Uma mulher marcada pela maternidade que a todo custo tenta buscar seu lugar ao sol e se descolar de um passado perturbador e de um estigma social prêt-à-porter sobre o corpo da mulher, e o corpo da mulher-mãe!
Dos seus 8 aos 52 anos, acompanhamos a originalidade, a delicadeza, a dor e poesia de uma pessoa que busca e luta por sobrevivência, por descobrir quem se é o que a vida pode a proporcionar.
Numa vivência radical sobre a maternidade, com direito a toda diversidade, ambivalência, lascividade, bile possível, em seu primeiro livro, Aline Bei nos relata outra história de tirar o fôlego!
Acompanhar seu jeito inusitado entre o vai-e-vem dos parágrafos também nos coloca num ritmo dinâmico e cortante junto da personagem. Um livro que chacoalha!
Um fôlego para a rotina
Do café às crônicas um livro que vivifica relações amorosas entre desastres e inseguranças cotidianas que acompanham todas as boas, divertidas - ou nem tanto -, curtas ou longas, histórias de amor.
Ganhador do Prêmio Jabuti 2016 na categoria "Contos", Amora é um livro doce, irônico, bem-humorado. Sem falar nas vivências dos relacionamentos homossexuais das diversas figuras femininas, o livro vai além e traz diversidade também na escrita passeando entre trocas de emails, crônicas, indo até uma escrita mais abstrata e poética.
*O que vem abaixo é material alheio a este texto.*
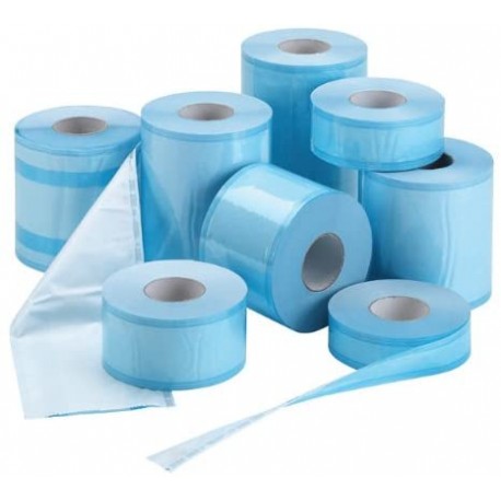Bobina compuesta por una cara en papel de grado médico y la otra de PET/PP azul (cierre por termoselladora).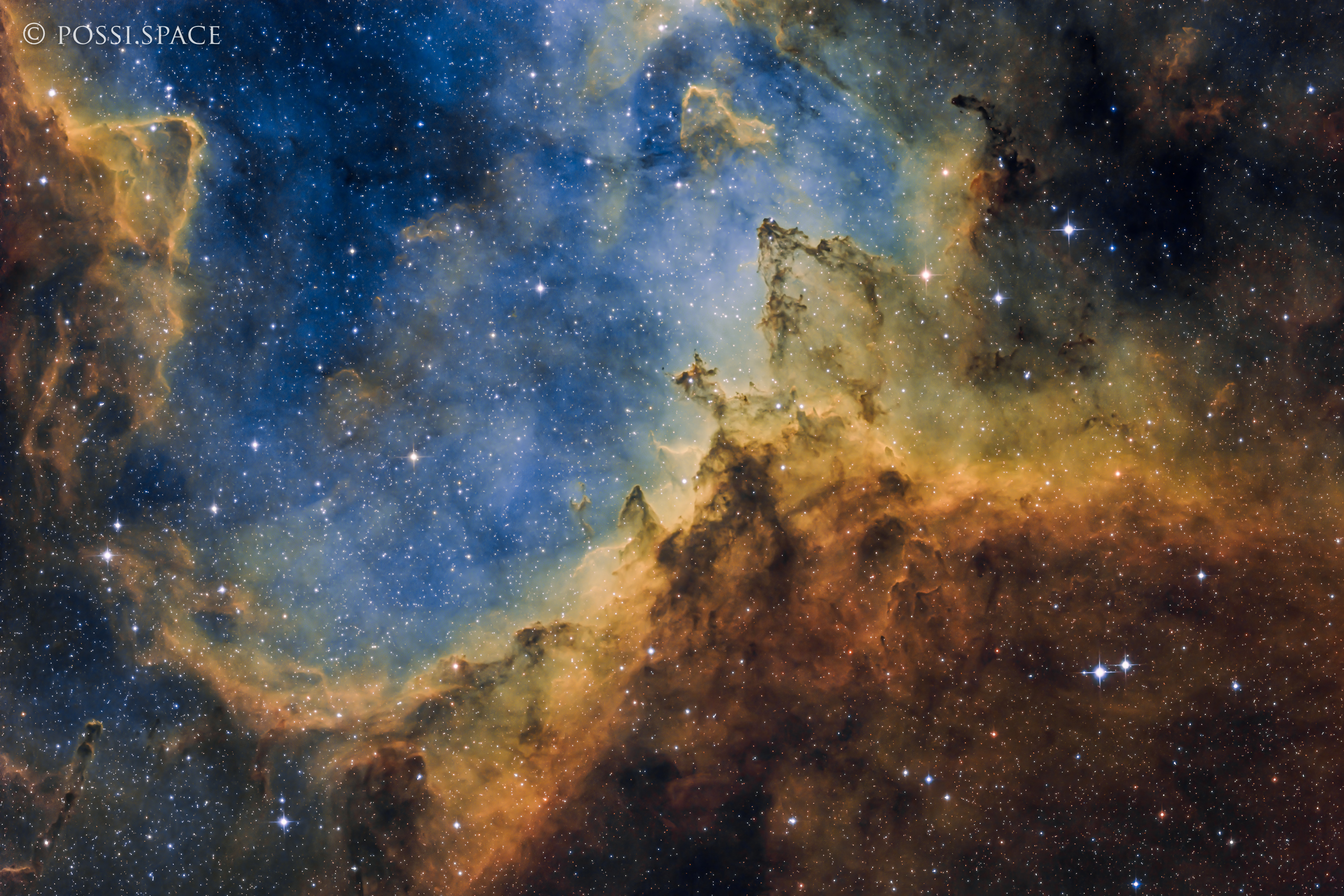 - Der Planewave CDK17 ist ein optisch exzellentes, steifes, kollimations- und temperaturstabiles Spiegelteleskop professioneller Bauart. Ich habe den altertümlichen Fokusantrieb auf einen modernen, lautlosen Fokusmotor umgebaut und den originalen 0,66x Reducer für f4,5 bei 1965mm Brennweite installiert. Eine Vollformatkamera wird tadellos ausgeleuchtet, es gibt keine chromatischen Farbfehler trotz Reducer. Die Bildqualität ist, richtig gutes Seeing von 1,1...1,4" vorausgesetzt (haben wir hier ca. 20 Nächte im Jahr), absolut bestechend und für die extrem hochauflösende gekühlte Kamera mit dem fantastischen Sony BSI-Sensor mit 61 Magapixeln ausreichend.

Em "Saliva", um de meus contos proferidos, Natalia Polesso nos enche de vida e lirismo:
"E eu penso: vai!, nem que saia pela boca mesmo, já que nos dedos a coisa congelou e já que a cabeça dança e dança e não se endireita para alinhar as faltas e preencher as falhas. O pior é que fica tudo meio que na pele, meio que nos pelos, meio que numa acidez nervosa, dos lados, lá no fundo da boca. Mas é só vento, desejo e saliva." p.231.